*** Provided data ***

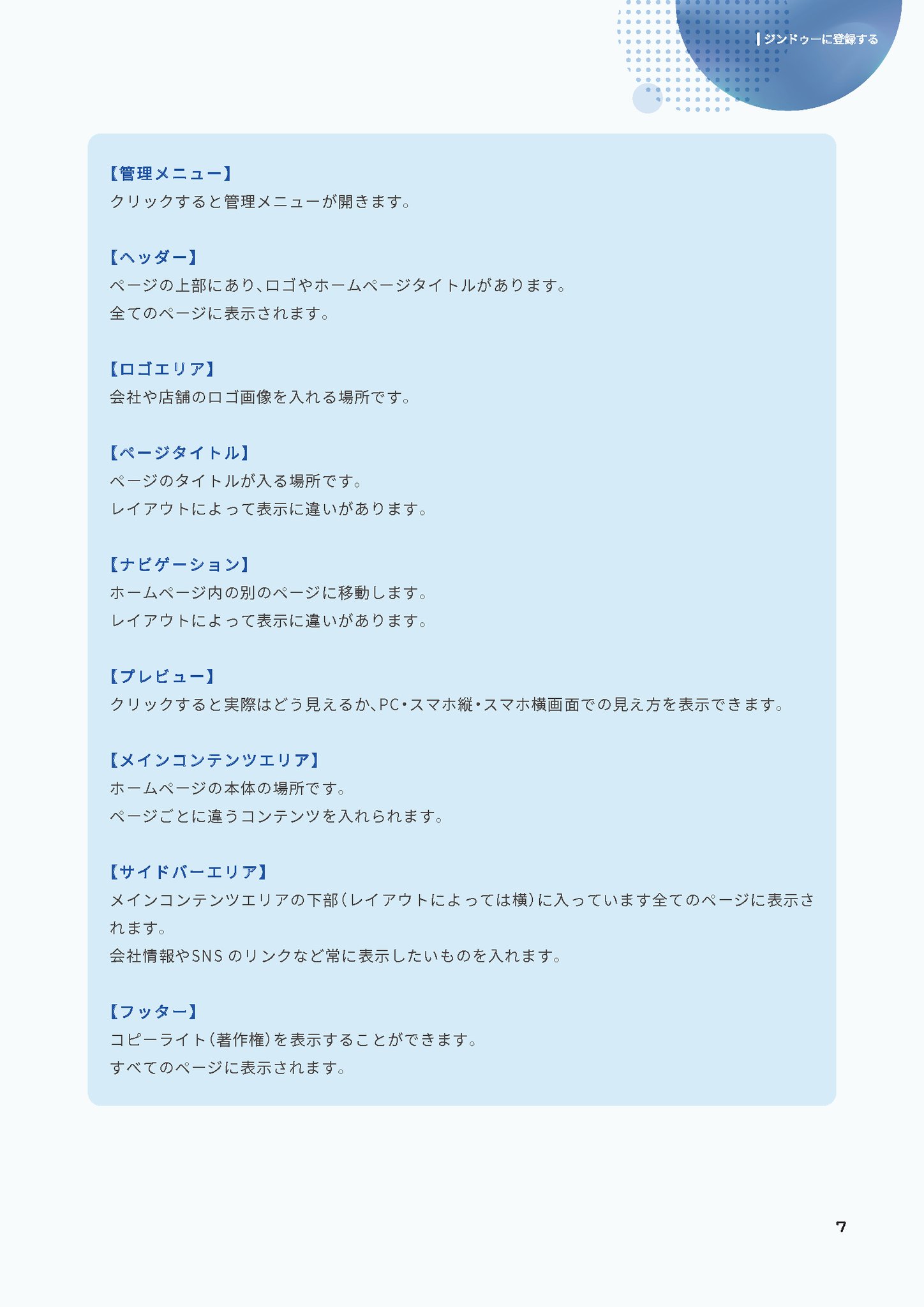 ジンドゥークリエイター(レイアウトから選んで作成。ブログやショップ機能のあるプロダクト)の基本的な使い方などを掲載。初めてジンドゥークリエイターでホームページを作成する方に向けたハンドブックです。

*** End of Provided data ***
*** Provided data ***

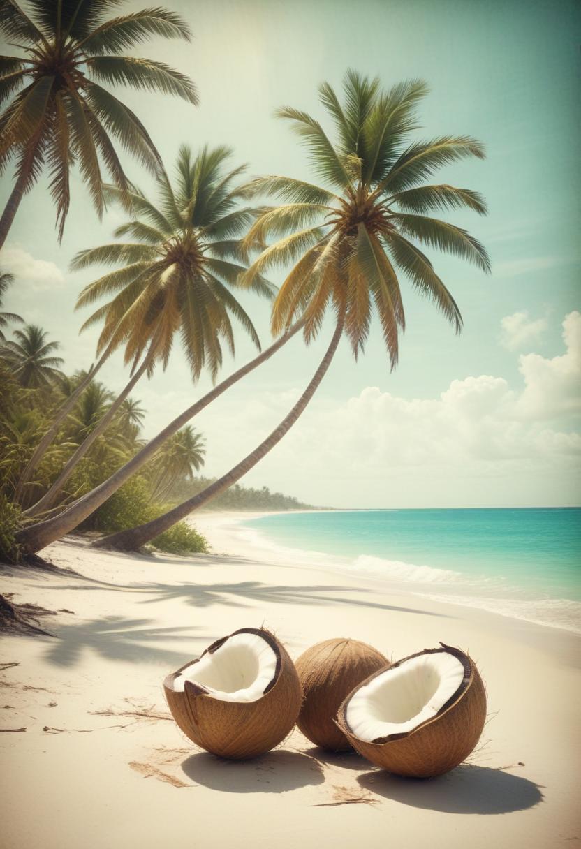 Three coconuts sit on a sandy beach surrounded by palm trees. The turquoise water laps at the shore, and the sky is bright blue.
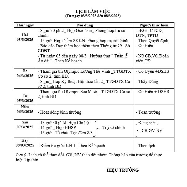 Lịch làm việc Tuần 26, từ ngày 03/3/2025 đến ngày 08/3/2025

*** End of Provided data ***

(What you should do): What belongs in the answer is each line above from the line with "Three coconuts sit" to the line with "Lịch làm việc", inclusive, reproduced exactly and free of pictures.

(Solution for this task):
 Three coconuts sit on a sandy beach surrounded by palm trees. The turquoise water laps at the shore, and the sky is bright blue.
 Lịch làm việc Tuần 26, từ ngày 03/3/2025 đến ngày 08/3/2025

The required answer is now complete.